MCP's share price will rise or fall according to the progress they make towards this plan: increased production, while taking recognizable steps toward profitability.
"If you were to lend 10,000 shares..." is an illustration. I, myself, have an amount far different from 10,000.
If you wholly own your shares, your broker will need an agreement with you to borrow your securities. And at the moment, shares to short seem to be scarce, so you should be getting a good rate. Schwab is currently offering an insane 30% (for example, if you were to lend 10,000 shares, you'd get $250/month), when the average offered rate over the past few years has been about 5%.
iamzolong and SE: When I was able to pick up shares for 30 cents, I understood that MCP obviously wasn't currently humming along, churning out profits. But thank you for your screaming concern.
Any conclusions drawn?
Terbium/Dysprosium/rare HREE make up .05% of product (check Annual Report); Terbium prices at time of 2013 report and now (I just checked) are $800 kg. MCP uses Terbium for downstream products, so they will also be getting added value. If MCP gets production to 20,000 mt, then Terbium/Dysprosium would be 10 MT (10,000 Kg). At current prices, not including value-added processes, that would be approx. $6 million in revenue (if you figure a 50/50 split with Dysprosium).
The ability to process Terbium and produce downstream Terbium products will hopefully be more important in the future, as MCP purchases (or engages in agreements with) juniors with a greater percentage of Terbium in product mix.
In a post below, you write, "It is easy enough to verify what RE Mountain Pass has and what REO they are planning to extract. From a quick look up Terbium was not one of them."

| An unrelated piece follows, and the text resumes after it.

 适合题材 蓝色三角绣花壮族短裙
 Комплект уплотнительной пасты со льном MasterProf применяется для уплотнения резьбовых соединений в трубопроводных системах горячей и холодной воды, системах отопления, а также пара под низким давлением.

You're right, it was easy, and yet you were wrong. How could you not find that information quickly (click on Annual Report, search for Terbium)?
You wrote "From a quick look up...." because you wanted cover for your "Terbium was not among them" lie.

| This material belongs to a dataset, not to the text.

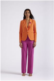 Veste intemporelle à simple boutonnage en tissu superstretch à effet flammé. le col est enrichi d'une fleur amovible au crochet. fermeture à un bouton et poches passepoilées.

Note: papabearrf searches the landscape for positive MCP news; much of what he posts is pretty straight ahead facts from liable/checkable sources. If you can actually debunk them, then please do.
Terbium is not a major part of MCP's business (see below). That's probably the point you wanted to make.
With MCP's history of getting investors crushed after CC's, I don't see the share price going up that much prior to substantive news and at least one CC that does not provoke major damage. Once management convinces investors they understand and can manage the plant, as well as the business plan, then SP has a chance.
As noted in a post a few days ago, Schwab is now offering owners of MCP 20% to borrow their stock. Schwab's base rate to borrow is 2%, and 4% has probably been the average.
There's absolutely no sense in posting your trades (or anyone's trades) on this message board. At any moment, there are huge amounts of investors shorting, covering shorts, buying, selling. Announcing you are doing one of those activities is meaningless, unless you offer some insight into why you are making the trade. There's always someone making and losing money. In your case, at this time, losing $. Unless you covered already, far above your 40 cents brag?